对2011-2017年浙江省对外直接投资流量数据以及20个样本国家的东道国人均收入(PGNI)、燃料出口率(FU)、每百万人口互联网用户(INT)、市场规模(GDP)、距离(DIS)的面板数据进行回归分析.回归分析结果显示,基础设施(ELE)、资源(FU)、市场规模(GDP)的P值均大于0.05,表明这3个区位因素未对浙江省对外直接投资产生显著影响. 地理距离(DIS)的标准化系数B=0.201,P=0.02(P<0.05);成本因素(PGNI)标准化系数B=0.169,P=0.048(P<0.05),说明地理距离(DIS)和成本(PGNI)对对外直接投资有正向影响.

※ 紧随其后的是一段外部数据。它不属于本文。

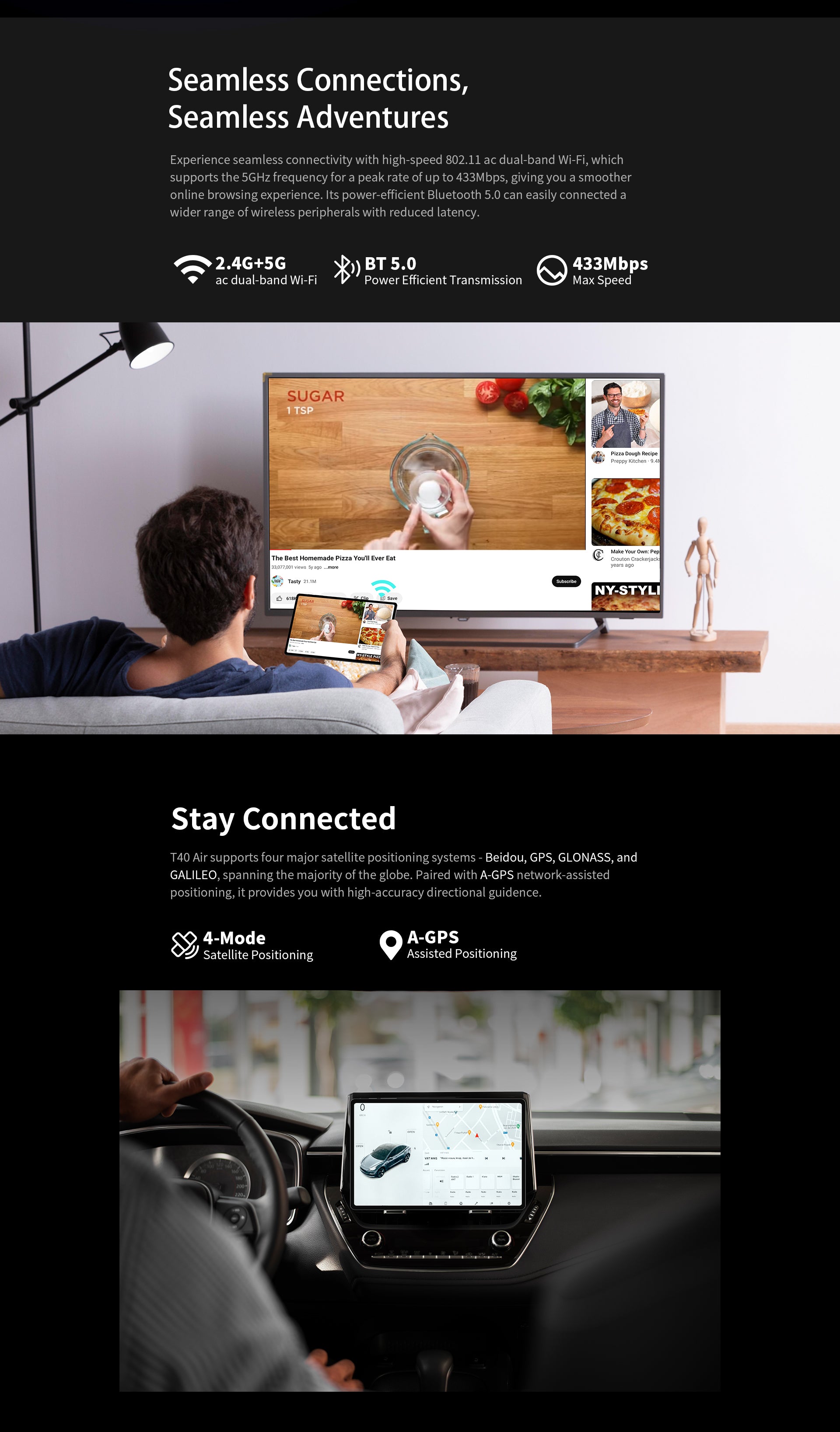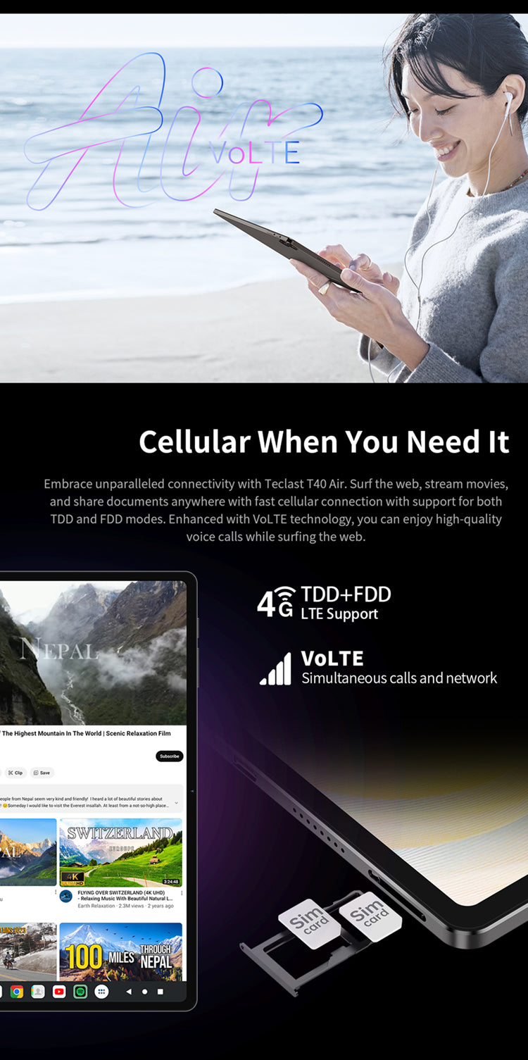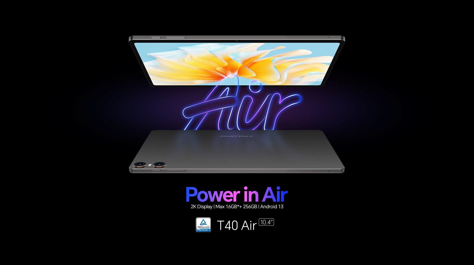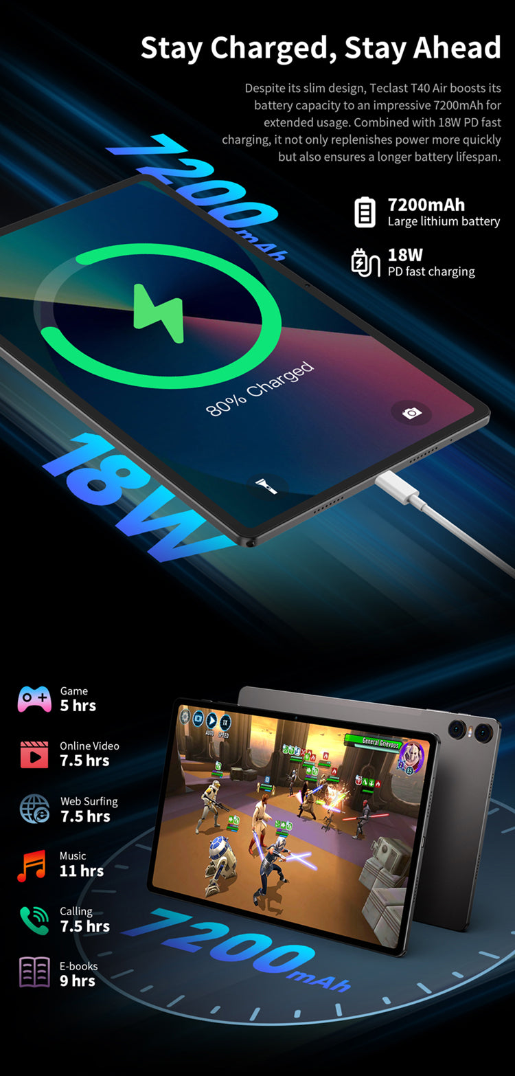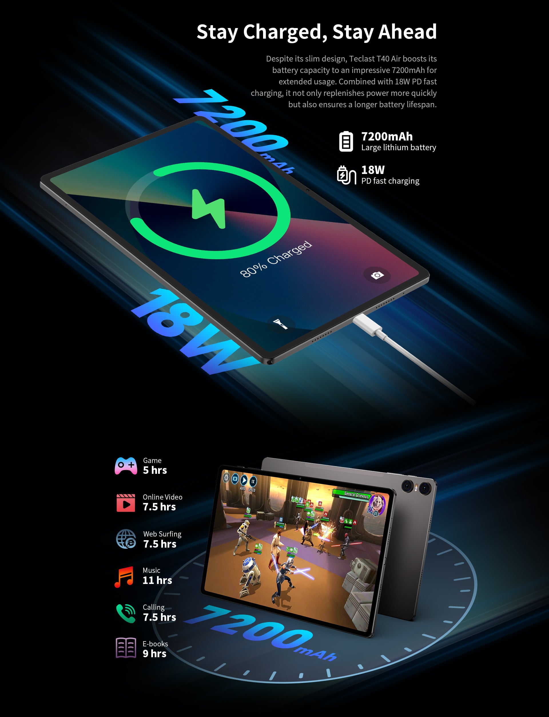 - [Air in Big Power] Disfruta del rendimiento durante todo el día y de una recarga rápida con la batería de 7200 mAh del T40 Air y la carga rápida PD de 18 W.

一般来说,地理距离越远,两国人民之间的文化、价值观、消费理念相差越大,越不利于企业开展对外投资活动. 此外,劳动力成本敏感型企业为了追求利润,通常会选择向劳动力成本较低的发展中国家投资. 回归分析还显示,地理距离和劳动力成本与浙江省对外直接投资成正相关. 这进一步说明了近年来浙江对外直接投资由文化相似性强、劳动力成本较低的东南亚等亚洲国家转向距离较远、劳动力成本较高的欧美国家. 这主要是因为近年来浙江省对外投资行业逐渐向高新技术产业、科学研究等新兴领域拓展. 为了追求优质劳动力和高新技术,浙江省对欧美发达国家的投资力度逐渐加强,浙江省对外直接投资的重心逐渐向欧美国家转移.

4 结论

作为我国东部沿海地区最发达的省份之一,浙江省对外直接投资有其独特性. 通过回归分析可以得出以下基本结论:1) 浙江省对外直接投资在时空分布上不均衡,近年来对欧美的投资呈增长趋势. 此外,香港和开曼群岛等“避税天堂”对浙江对外投资主体吸引力较大. 2) 投资源地主要以杭州和宁波等地为主,舟山、丽水等地对外投资规模较小. 3) 浙江省对外直接投资行业主要以制造业为主. 4) 劳动力成本、地理距离对浙江省对外直接投资的影响较为显著,而资源、基础设施和市场规模等因素对浙江省对外直接投资则没有显著影响.

考虑到数据的可获取性和有效性,在选择样本时,本文只选取了20个国家和地区、5个影响因素,因此对浙江省对外直接投资的影响因素分析还不够深入. 对外投资的主体是企业,浙江民营企业数量多,且具有“天生”对外投资的文化,以浙江民营企业为研究对象,探索对外投资企业跨境生产网络演化过程和机制将是本课题下一阶段研究的主要内容.